STL Science Center

STL Science Center

06 July 2013

What Does a Tiny Hunter Look Like?

As I mentioned yesterday, Juravenator is thought to be a juvenile specimen, indicating that the miniscule size of the specimen is not the full adult size of the animal. I still happen to think that this a very sad thing because a teeny dinosaur like this would be pretty fantastic. At barely half a meter from tip to tail having a Juravenator for a pet would be a pretty good reality (and given the exotic nature of some pets a high probability scenario) if they were still alive and the juvenile turned out to be an adult. The problem with not having an adult of course is that it may turn out that this juvenile might be freshly hatched and only 1/5 or maybe even 1/10 the size of an adult, perhaps less even. What would something this size, regardless of adult or juvenile status, living on the coast of the Tethys Ocean eat? One obvious answer, for any carnivorous or omnivorous animal living on a shoreline is fish, whether hunted or scavenged. Scavenging for a coastal predator means nearly anything that washes up in a state that is edible becomes fair game for dinner and competition amongst the predators that find it. Additionally, other scavengers, mammals, young from many other types of animals (or their own kind perhaps), and perhaps even vegetation may have been on the menu as well.

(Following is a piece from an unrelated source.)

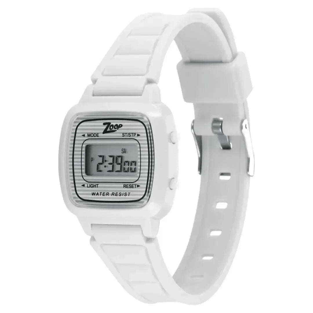 Introducing the Zoop By Titan Digital White Dial Plastic Strap Watch for Kids, model NR16017PP01, a sleek and practical timepiece designed to cater to the active lifestyles of children. With a crisp white digital dial, this watch offers easy readability and modern flair. The durable plastic strap ensures comfort and flexibility during wear, making it suitable for all-day adventures. Whether for school, sports, or playtime, this Zoop watch is the perfect accessory to keep kids on track while adding a touch of style to their everyday ensemble.

The skull of Juravenator, though a little crushed, preserved a lateral view of the mouth quite well. All indications by the teeth concerning diet point to a pretty voracious little carnivore. The teeth are fairly thin front to back and a fair number of the larger teeth curve backwards, a design that we know aids in retention of prey items as well as in slicing material. Those teeth that are not curved backwards appear to point straight down and have nearly the same front to back thickness as those that are curved backwards. These different teeth may be due to preservational issues or they may have been used in a different manner; however, preservational bias seems to be the more accurate answer as some of these differently shaped teeth also appear to be slightly damaged. If, however, they were used for a different purpose, it appears that that purpose would be to anchor the jaw, as though for gripping, rather than slicing or holding down onto live prey. That sort of mechanism would only be really useful to a predator that was using its hands or feet to tear at meat and more than likely it would rather use hands and feet together; this is why deformation of the teeth in preservation seems a more likely explanation.